Contributions
Abstract: EP385
Type: E-Poster Presentation
Session title: Acute myeloid leukemia - Biology & Translational Research
Background
Fms-like tyrosine kinase 3 internal tandem duplications (FLT3-ITD) occur in 20-30% of acute myeloid leukemia (AML) cases. These mutations represent both strong prognostic biomarkers and therapeutic targets. Hence, FLT3-ITD are systematically sought and quantified using quantitative fragment analysis, as per European LeukemiaNet guidelines. This method estimates the mutant allele fraction as the ratio of the area under the mutant allele (M) peak divided by the area under the wild type (WT) allele peak. Although robust, this technique has several limitations (high limit of quantification 1%, determination of the size of the ITD, limited application). Next generation sequencing (NGS) may represent an alternative method to detect these mutations with high detection sensitivity and the possibility of sequencing several other genes simultaneously.

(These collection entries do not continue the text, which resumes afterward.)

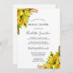 As rosas amarelas criam uma bela fronteira neste convite à noiva. Um quadro de brilho dourado adiciona ao estilo.
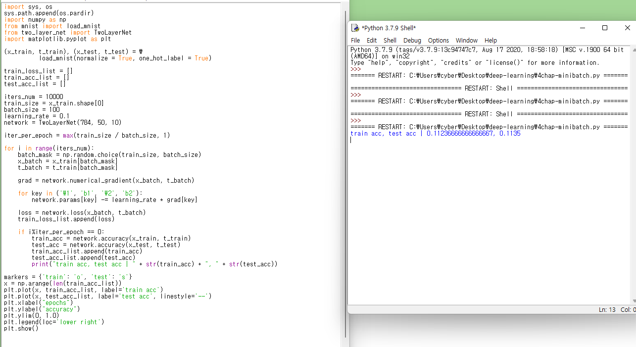 책과 결과값이 다른데, W의 매개변수를 랜덤하게 가져오기 떄문에 당연하다.
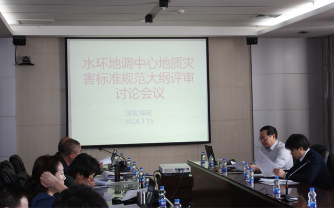 2014年3月15日,水环地调中心组织?“地质灾害标准规范编制大纲评审讨论会议”。参会人员包括水环中心、中国地质环境监测院、甘肃省地质环境监测院、北京地质研究所、北京市勘察设计研究院有限公司、航天科工惯性技术有限公司的专家和技术人员。

However, the use of NGS technologies to detect FLT3-ITD mutations remains challenging because these mutations are heterogeneous in terms of size and/or insertion site, and the perfect or near perfect duplication of the wild-type sequence. These specificities raise new concerns about bio-informatic processes, and several algorithms have been created to detect this duplication (GetITD, km, ScanITD...). However, most of them fail to detect and annotate the broad variety of ITDs. Others are more efficient but must be used in conjunction with manual analysis which is subjective and thus incompatible with routine activity.
Aims
This work aims to develop a kmer-based algorithm named FiLT3r to detect and quantify ITDs and to compare it with existing algorithms to the reference method.
Methods
The different algorithms were tested and compared to the reference method using patients from a multicenter prospective randomized study BIG1 (NCT02416388). This clinical trial included 500 patients aged 18 to 60 years with de novo AML at diagnosis (Acute promyelocytic leukemia and core binding factor AML were excluded from these protocols). Peripheral blood or bone marrow samples from AML patients were screened with our standard NGS routine with a capture method targeting 81 genes (SSQXT Agilent®) and sequenced with Illumina® technology.
Results
A total of 147 ITDs from 114 FLT3-ITD positive patients (23%) and 71 randomized FLT3-ITD negative patients (14%), determined according to the fragment method, were sequenced (with an average coverage of 2000 paired-end reads on exon 14-15 FLT3). FiLT3r provided results mostly comparable to those obtained by the validated technique, with a sensitivity of 1 and no false positive above a threshold of 1% (limit of quantification of the reference method). All the ITDs detected with fragment analysis of the 114 patients were confirmed using our NGS-based algorithm even in patients with multiple ITDs. The ratios (M/WT) calculated with our algorithm showed a correlation with the reference method estimated at 0.92 (Figure 1) which appears as the highest correlation coefficient of all the algorithms tested (range: 0.42 – 0.92). Among the patients considered negative using fragment analysis, FiLT3r detected five positive cases but these were found at ratios below the quantification threshold of the reference method. Indeed, this algorithm could detect ITD ratios of about 10-4.
Conclusion
FiLT3r can accurately and quickly identify FLT3-ITDs with a robust estimation. These results need further confirmation on a larger cohort but this algorithm represents a promising NGS-based approach to detect FLT3-ITD mutations.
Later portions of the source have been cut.